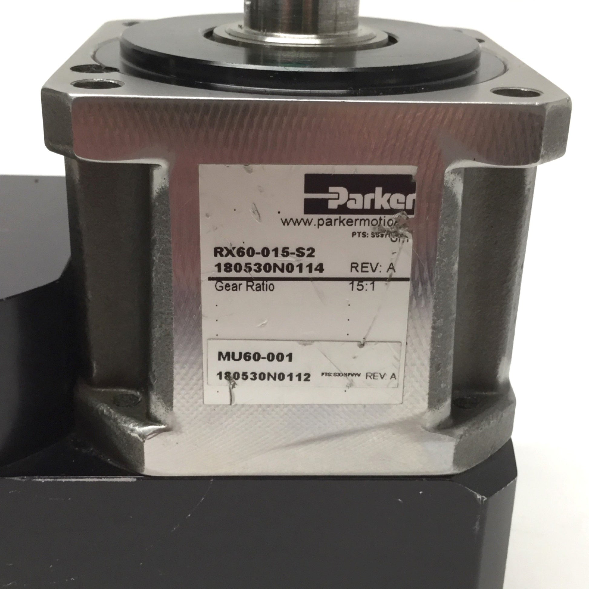 Used Parker RX60-015-S2 Right-Angle Planetary Gearhead 15:1 Ratio Ø5/8" In, Ø16mm Out
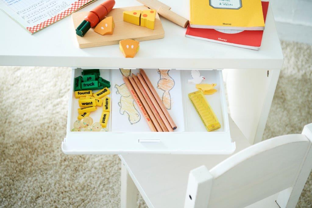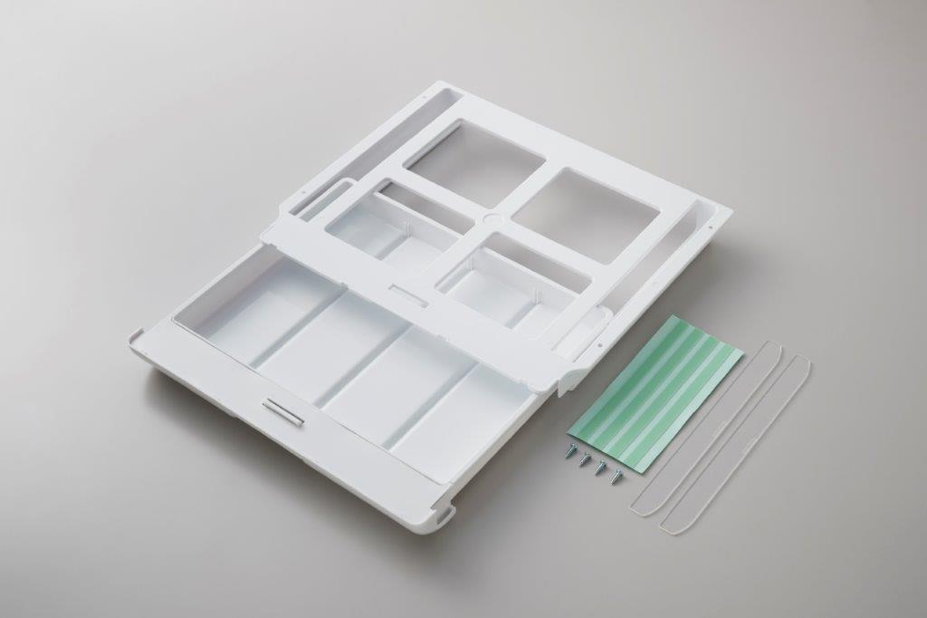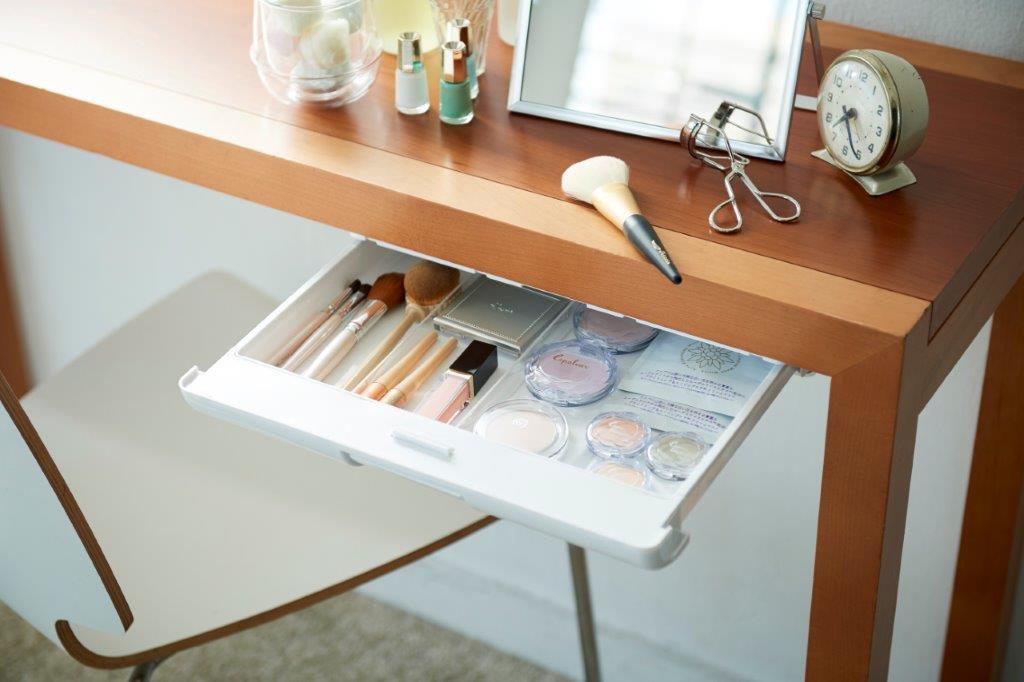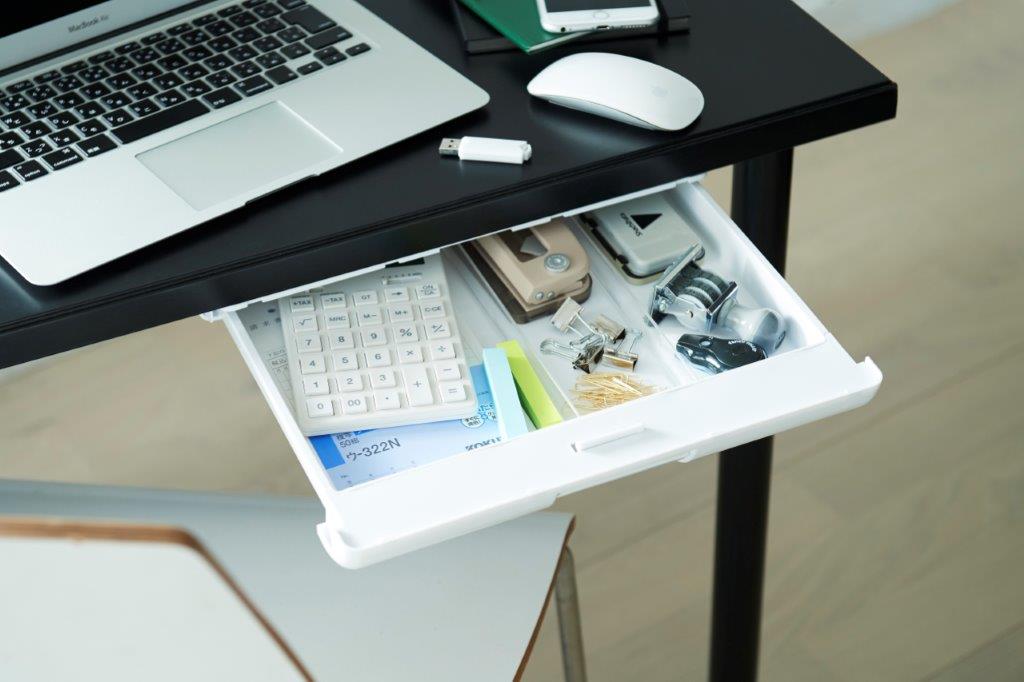 天板にピタッ!と取り付けるだけ! テーブルなどの下に”引き出し”をカンタンに取り付け (取り付け方法:両面粘着テープ、ネジ)仕切板付 |
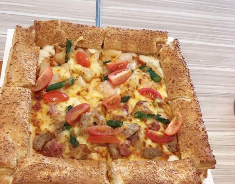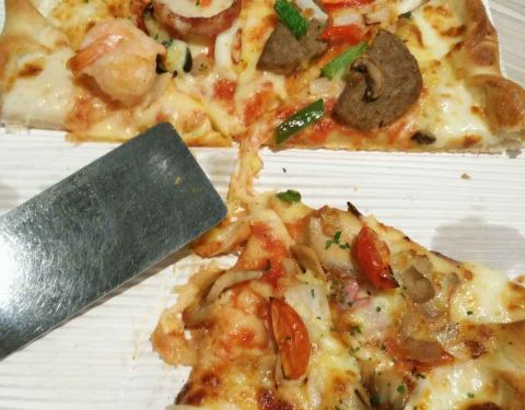 - 新品披萨还是很好吃的,蜜桃果汁很好喝,就是提拉米苏口感不是很好~今天人特别多,我的座位旁边还有饼屑~
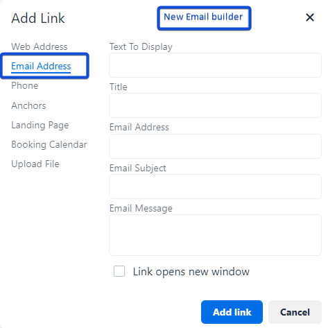 Using Email New builder
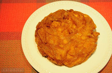 ต้องมีความแรงอยู่พอสมควร แต่ไม่ถึงกับต้องแรงจัด คนที่ไม่มีเตาเร่งหรือเตาฟู่ ก็ยังพอทำได้ครับ นำหม้อใส่น้ำมันพืช แล้วนำไปตั้งไฟ พอให้เริ่มมีควันเล็กน้อย ไม่ถึงกับควันโขมงนะ สำหรับหม้อขนาดนี้ ใช้ไข่ 2 ฟอง กำลังเหมาะครับ ถ้าใช้ 3 ฟองก็ยังพอได้อยู่ แต่มันจะฟูขึ้นมาจนเกือบล้นเวลาทอด เดี๋ยวคอยดูละกันเนอะ ปรุงรสด้วยซีอิ้วขาวเพียงอย่างเดียว แล้วตีเร็วๆ ให้เข้ากัน ตีเสร็จแล้ว อย่าวางทิ้งไว้ รีบเอาลงกระทะเลย ฟองอากาศมันจะได้ยังแฝงตัวอยู่ในเนื้อไข่ ไม่ลอยขึ้นมาจนหมด
....................
## TASK GOAL
Every line of the listing is to be retyped exactly; pictures stay out.

## OUTPUT OF THE TASK
 Used Parker RX60-015-S2 Right-Angle Planetary Gearhead 15:1 Ratio Ø5/8" In, Ø16mm Out
 天板にピタッ!と取り付けるだけ! テーブルなどの下に”引き出し”をカンタンに取り付け (取り付け方法:両面粘着テープ、ネジ)仕切板付 |
 - 新品披萨还是很好吃的,蜜桃果汁很好喝,就是提拉米苏口感不是很好~今天人特别多,我的座位旁边还有饼屑~
 Using Email New builder
 ต้องมีความแรงอยู่พอสมควร แต่ไม่ถึงกับต้องแรงจัด คนที่ไม่มีเตาเร่งหรือเตาฟู่ ก็ยังพอทำได้ครับ นำหม้อใส่น้ำมันพืช แล้วนำไปตั้งไฟ พอให้เริ่มมีควันเล็กน้อย ไม่ถึงกับควันโขมงนะ สำหรับหม้อขนาดนี้ ใช้ไข่ 2 ฟอง กำลังเหมาะครับ ถ้าใช้ 3 ฟองก็ยังพอได้อยู่ แต่มันจะฟูขึ้นมาจนเกือบล้นเวลาทอด เดี๋ยวคอยดูละกันเนอะ ปรุงรสด้วยซีอิ้วขาวเพียงอย่างเดียว แล้วตีเร็วๆ ให้เข้ากัน ตีเสร็จแล้ว อย่าวางทิ้งไว้ รีบเอาลงกระทะเลย ฟองอากาศมันจะได้ยังแฝงตัวอยู่ในเนื้อไข่ ไม่ลอยขึ้นมาจนหมด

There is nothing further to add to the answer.